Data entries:
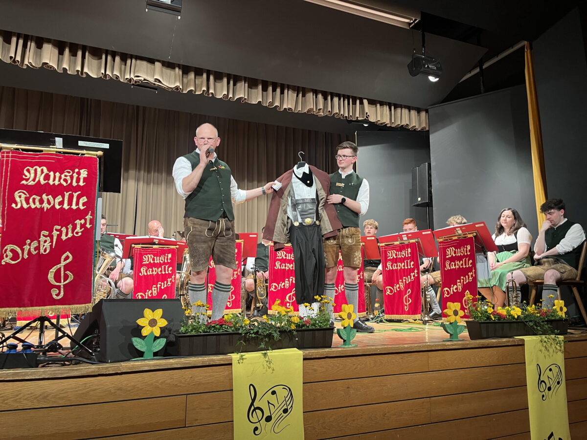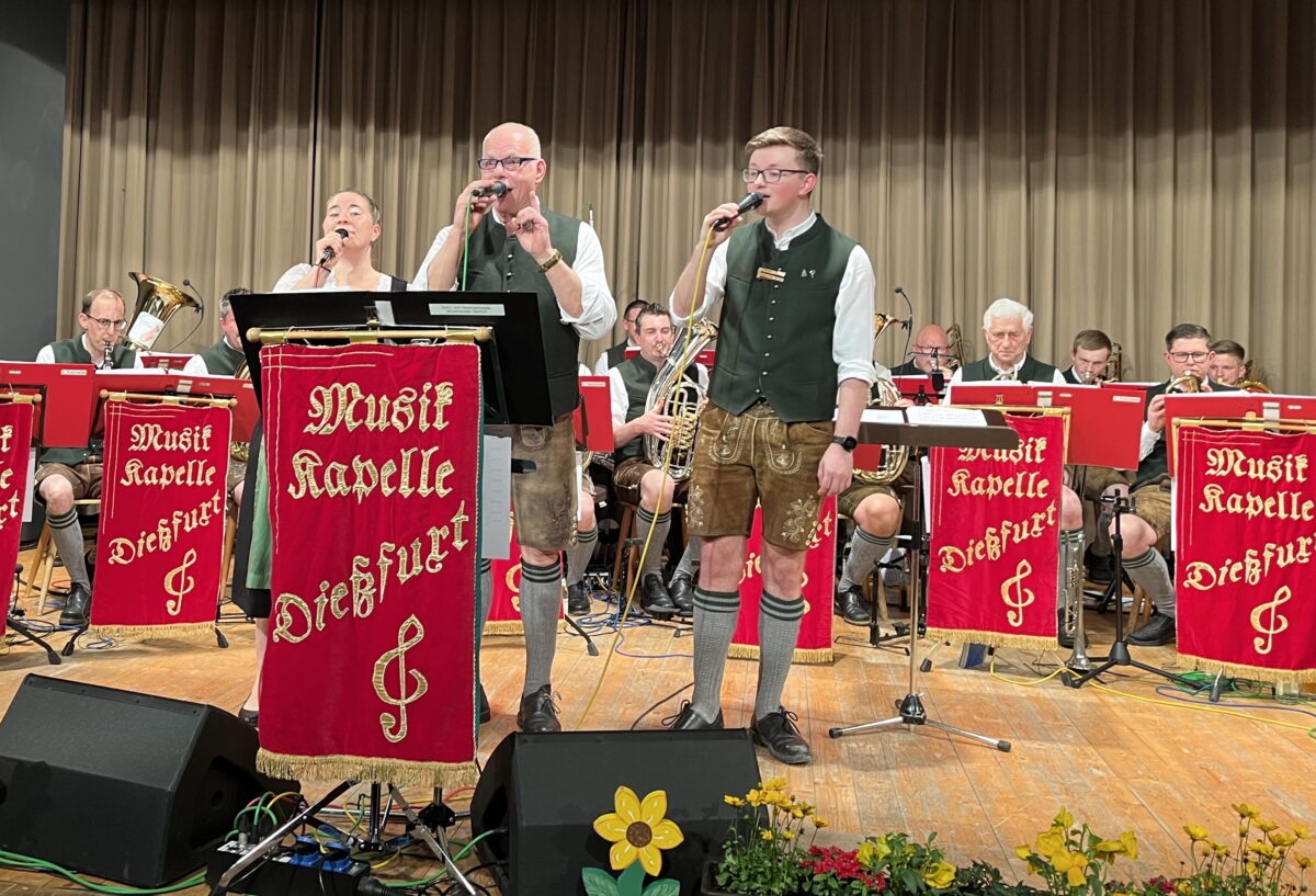 Besonders stolz sind die Dießfurter, die es seit 102 Jahren gibt, auf ihre Verjüngung, die auch größten Teils aus den eigenen Reihen im Dorf kommt. Chef der Truppe und Dirigent in dritter Generation ist der erst 23jährige Jonas Schreml. Er hatte seine Musiker präzise im Griff und führte und dirigierte sie ganz im Stil von Ernst Mosch, mit Gefühl und großer Bühnenpräsenz. Das Musizieren und Dirigieren ist dem jungen Dießfurter dabei in die Wiege gelegt. Vorgänger waren sein Vater Werner Schreml und Opa Werner Wolfbauer, die nun beide am Tenorhorn und an der Trompete dem Taktstock und Vorgaben des jungen Talents folgen.
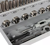 Резьбонарезной набор H-Tools 245010HT содержит оснастку самых востребованных типов и размеров, а именно 21 метчик, 7 плашек, плашкодержатель, вороток для метчиков, отвертку и резьбомер. Метчики предназначены для нарезания внутренней метрической резьбы в три прохода под болты, резьбовые вставки и винты, а плашки - для нарезания наружной метрической резьбы. Обрабатываемые материалы: углеродистая и низколегированная сталь с прочностью до 800 Н/мм², алюминий, пластик и цветные металлы. Инструменты надежно закреплены в прочном и компактном деревянном чемодане, пригодном для хранения и транспортировки.
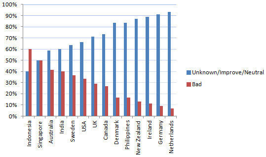 Percentage “Country, >4 responses” against “Social effect of gay marriage acceptance, clamped to ‘Unknown/Neutral/Improve’ vs. ‘Bad.'”
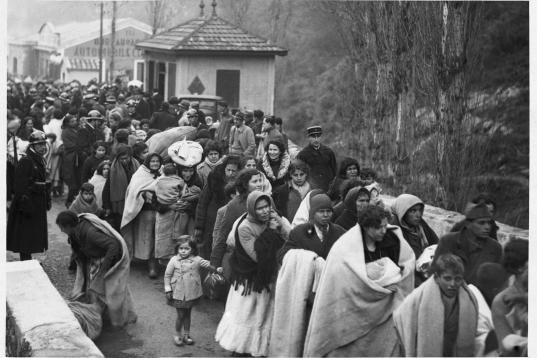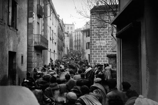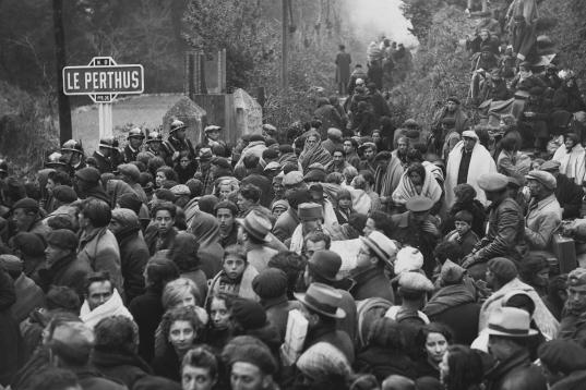 Una multitud de refugiados en Francia, al norte de la frontera con España en febrero de 1936. Pronto serían mandados a distintos campos de refugiados por las autoridades francesas.
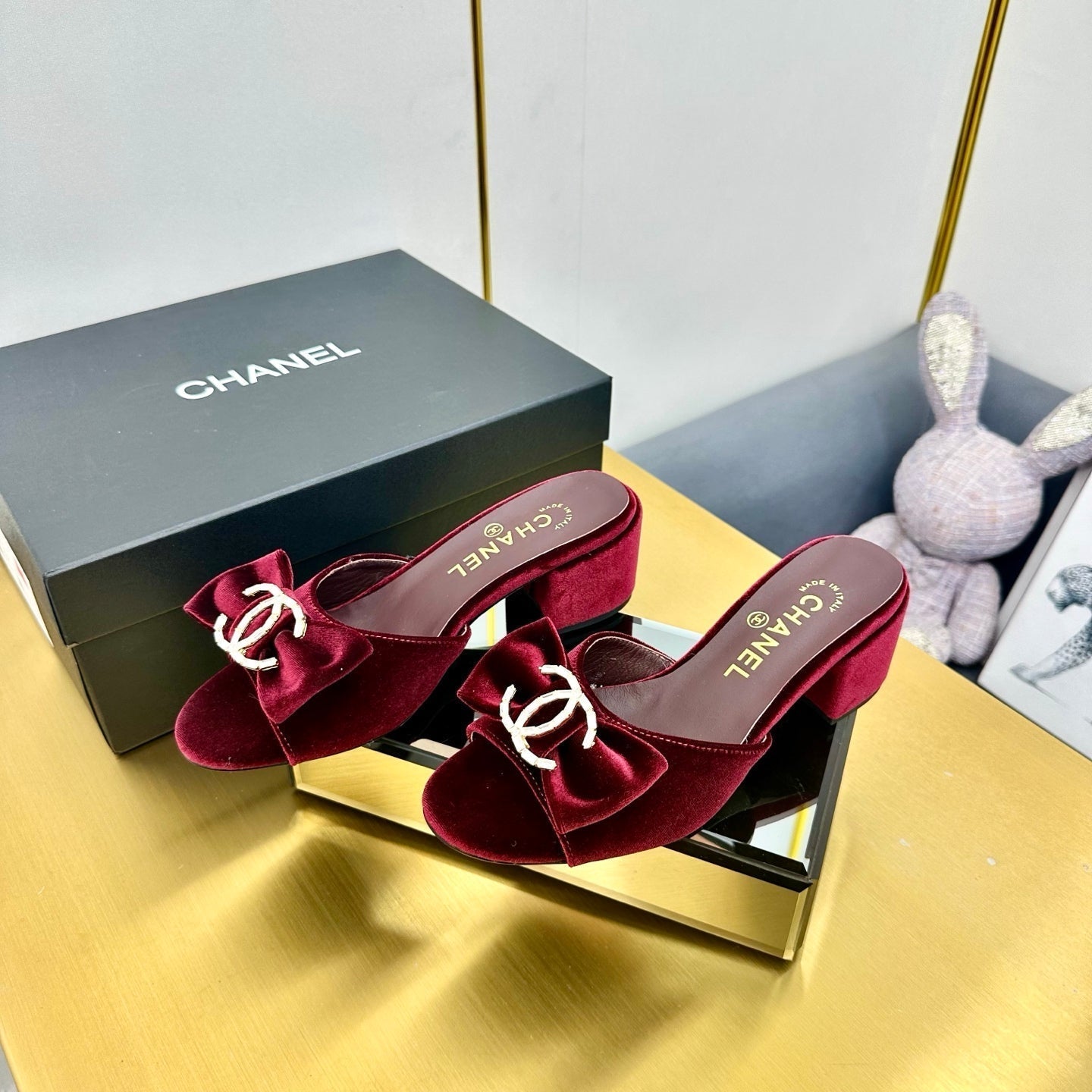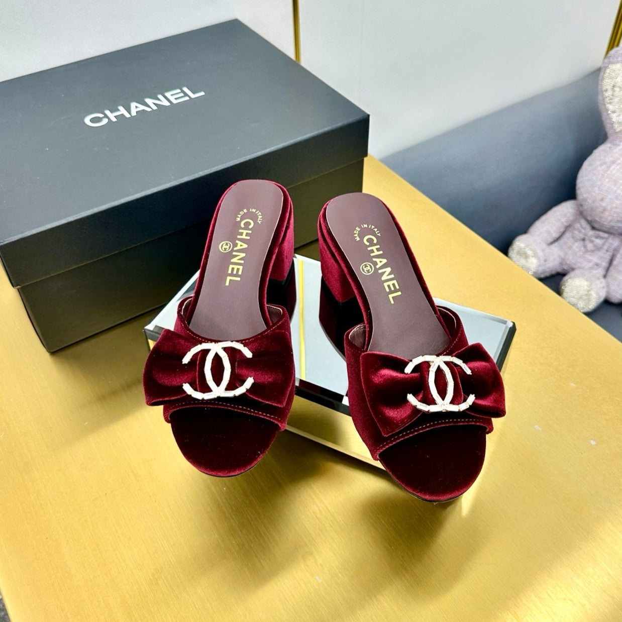 CC 25 Mid Heel Mules Burgundy Red Velvet 238479
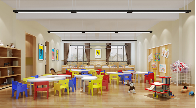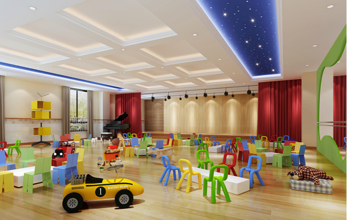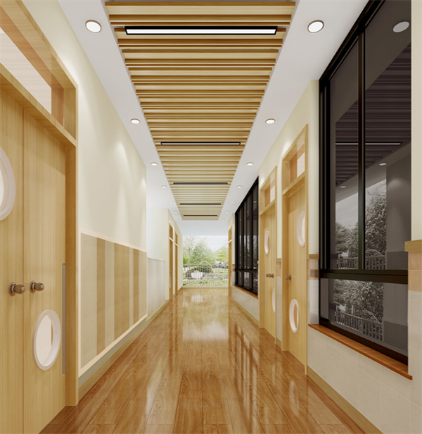 由于线条简单、装饰元素少,现代简约需要软装来配合。如沙发与玩具等。软装到位是现代粉饰的关键。多功能的个性空间功能与空间组织,主要以木色为主,没有太重,太跳的的颜色。以简洁的造型和别出心裁的摆放,打造温馨,优质的幼儿园环境。

* [Work instructions]
From the entries above, write out every line without a single change, skipping the images.

* [Result]
 Besonders stolz sind die Dießfurter, die es seit 102 Jahren gibt, auf ihre Verjüngung, die auch größten Teils aus den eigenen Reihen im Dorf kommt. Chef der Truppe und Dirigent in dritter Generation ist der erst 23jährige Jonas Schreml. Er hatte seine Musiker präzise im Griff und führte und dirigierte sie ganz im Stil von Ernst Mosch, mit Gefühl und großer Bühnenpräsenz. Das Musizieren und Dirigieren ist dem jungen Dießfurter dabei in die Wiege gelegt. Vorgänger waren sein Vater Werner Schreml und Opa Werner Wolfbauer, die nun beide am Tenorhorn und an der Trompete dem Taktstock und Vorgaben des jungen Talents folgen.
 Резьбонарезной набор H-Tools 245010HT содержит оснастку самых востребованных типов и размеров, а именно 21 метчик, 7 плашек, плашкодержатель, вороток для метчиков, отвертку и резьбомер. Метчики предназначены для нарезания внутренней метрической резьбы в три прохода под болты, резьбовые вставки и винты, а плашки - для нарезания наружной метрической резьбы. Обрабатываемые материалы: углеродистая и низколегированная сталь с прочностью до 800 Н/мм², алюминий, пластик и цветные металлы. Инструменты надежно закреплены в прочном и компактном деревянном чемодане, пригодном для хранения и транспортировки.
 Percentage “Country, >4 responses” against “Social effect of gay marriage acceptance, clamped to ‘Unknown/Neutral/Improve’ vs. ‘Bad.'”
 Una multitud de refugiados en Francia, al norte de la frontera con España en febrero de 1936. Pronto serían mandados a distintos campos de refugiados por las autoridades francesas.
 CC 25 Mid Heel Mules Burgundy Red Velvet 238479
 由于线条简单、装饰元素少,现代简约需要软装来配合。如沙发与玩具等。软装到位是现代粉饰的关键。多功能的个性空间功能与空间组织,主要以木色为主,没有太重,太跳的的颜色。以简洁的造型和别出心裁的摆放,打造温馨,优质的幼儿园环境。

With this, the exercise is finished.